#### [Your objective]
The line with "Phyllis Spriggs 'Hudson Town Hal" marks the first line to copy, and the line with "Location # DB001" marks the last. Transcribe that stretch of the data below exactly, without pictures.

#### [Data for this exercise]
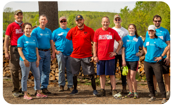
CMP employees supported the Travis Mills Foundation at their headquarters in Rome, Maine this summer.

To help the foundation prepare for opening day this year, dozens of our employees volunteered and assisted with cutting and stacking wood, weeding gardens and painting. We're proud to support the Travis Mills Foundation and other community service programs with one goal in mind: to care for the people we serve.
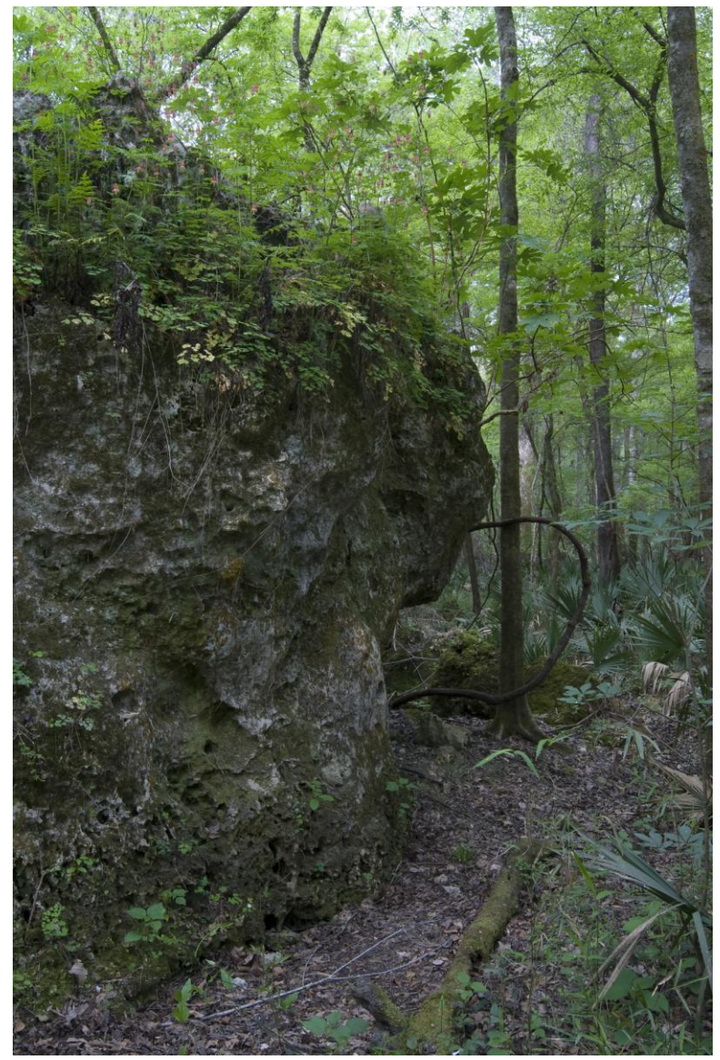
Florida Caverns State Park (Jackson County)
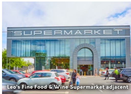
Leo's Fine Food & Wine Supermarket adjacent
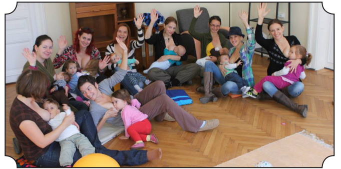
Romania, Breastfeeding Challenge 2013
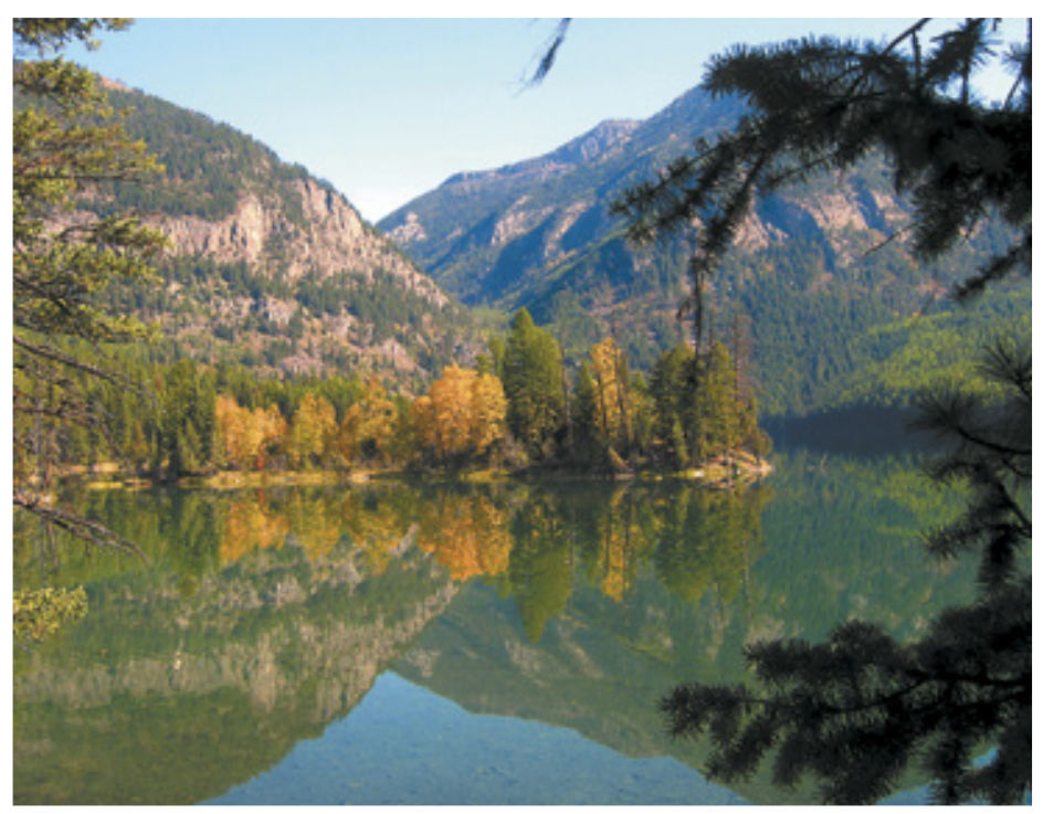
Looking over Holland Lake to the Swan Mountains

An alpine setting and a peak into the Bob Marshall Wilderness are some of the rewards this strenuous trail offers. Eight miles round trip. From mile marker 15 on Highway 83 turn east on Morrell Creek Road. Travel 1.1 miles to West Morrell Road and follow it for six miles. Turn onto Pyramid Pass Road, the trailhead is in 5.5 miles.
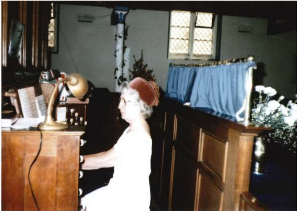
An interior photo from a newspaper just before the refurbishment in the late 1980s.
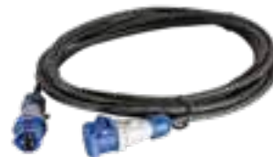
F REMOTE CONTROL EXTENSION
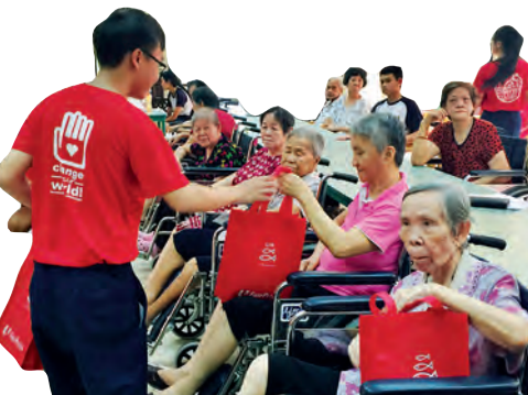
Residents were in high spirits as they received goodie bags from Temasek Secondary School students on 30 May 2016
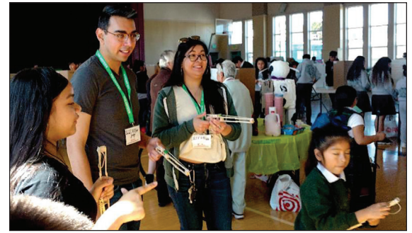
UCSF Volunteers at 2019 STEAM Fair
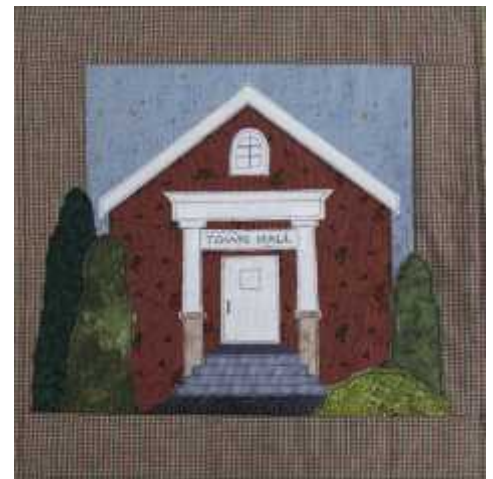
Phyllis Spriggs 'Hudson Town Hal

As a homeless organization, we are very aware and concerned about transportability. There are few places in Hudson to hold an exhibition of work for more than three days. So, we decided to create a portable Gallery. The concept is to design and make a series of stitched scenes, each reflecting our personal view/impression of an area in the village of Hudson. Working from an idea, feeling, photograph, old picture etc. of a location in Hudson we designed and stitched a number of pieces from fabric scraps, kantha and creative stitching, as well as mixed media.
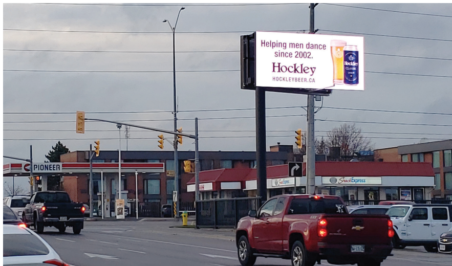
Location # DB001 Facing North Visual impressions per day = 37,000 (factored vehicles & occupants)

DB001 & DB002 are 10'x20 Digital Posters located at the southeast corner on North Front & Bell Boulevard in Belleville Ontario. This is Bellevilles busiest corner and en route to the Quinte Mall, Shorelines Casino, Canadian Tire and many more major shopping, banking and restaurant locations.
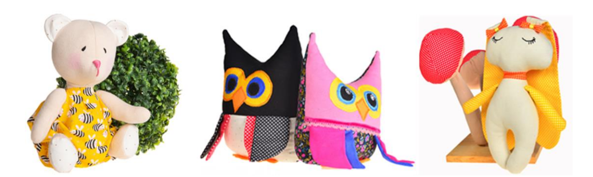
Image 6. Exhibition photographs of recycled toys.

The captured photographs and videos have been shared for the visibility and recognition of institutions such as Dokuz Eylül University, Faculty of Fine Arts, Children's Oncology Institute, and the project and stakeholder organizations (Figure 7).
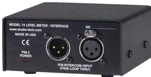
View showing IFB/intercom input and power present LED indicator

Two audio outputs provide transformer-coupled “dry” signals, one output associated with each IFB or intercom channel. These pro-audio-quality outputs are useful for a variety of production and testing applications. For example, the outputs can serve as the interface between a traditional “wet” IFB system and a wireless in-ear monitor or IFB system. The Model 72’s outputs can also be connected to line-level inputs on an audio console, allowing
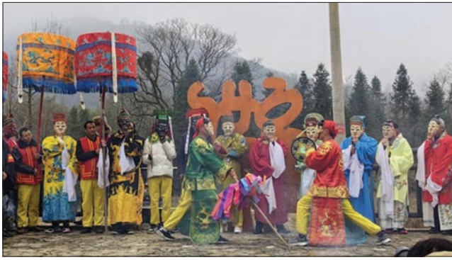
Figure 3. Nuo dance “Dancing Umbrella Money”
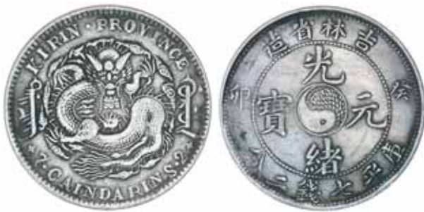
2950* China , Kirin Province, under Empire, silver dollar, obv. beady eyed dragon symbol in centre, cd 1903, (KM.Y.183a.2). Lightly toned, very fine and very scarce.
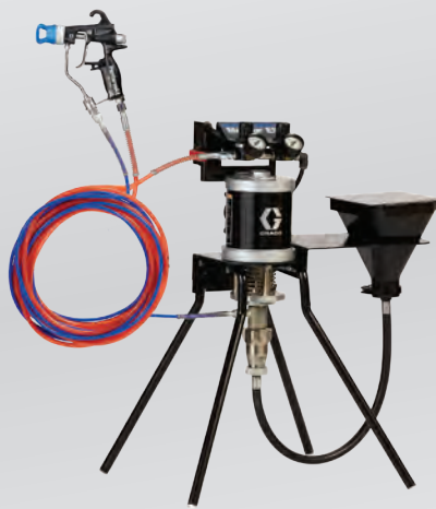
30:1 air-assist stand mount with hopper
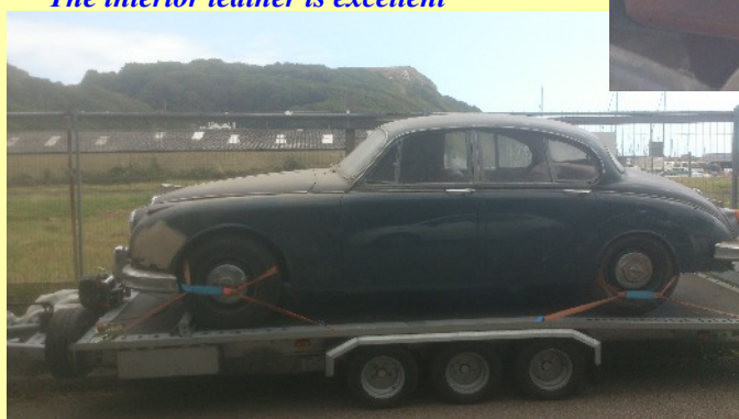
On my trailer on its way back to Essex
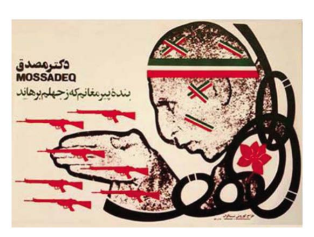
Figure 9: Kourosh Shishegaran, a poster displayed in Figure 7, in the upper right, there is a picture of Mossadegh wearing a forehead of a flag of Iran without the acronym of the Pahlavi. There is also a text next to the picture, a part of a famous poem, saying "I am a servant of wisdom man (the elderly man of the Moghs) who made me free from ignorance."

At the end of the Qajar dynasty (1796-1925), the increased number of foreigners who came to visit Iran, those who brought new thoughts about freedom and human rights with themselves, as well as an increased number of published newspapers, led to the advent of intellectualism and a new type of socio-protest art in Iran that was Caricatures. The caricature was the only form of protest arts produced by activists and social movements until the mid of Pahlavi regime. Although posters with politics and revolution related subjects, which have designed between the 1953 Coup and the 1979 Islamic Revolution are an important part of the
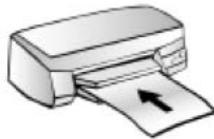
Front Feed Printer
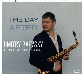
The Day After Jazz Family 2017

#### [Output for this task]
Phyllis Spriggs 'Hudson Town Hal

As a homeless organization, we are very aware and concerned about transportability. There are few places in Hudson to hold an exhibition of work for more than three days. So, we decided to create a portable Gallery. The concept is to design and make a series of stitched scenes, each reflecting our personal view/impression of an area in the village of Hudson. Working from an idea, feeling, photograph, old picture etc. of a location in Hudson we designed and stitched a number of pieces from fabric scraps, kantha and creative stitching, as well as mixed media.
Location # DB001 Facing North Visual impressions per day = 37,000 (factored vehicles & occupants)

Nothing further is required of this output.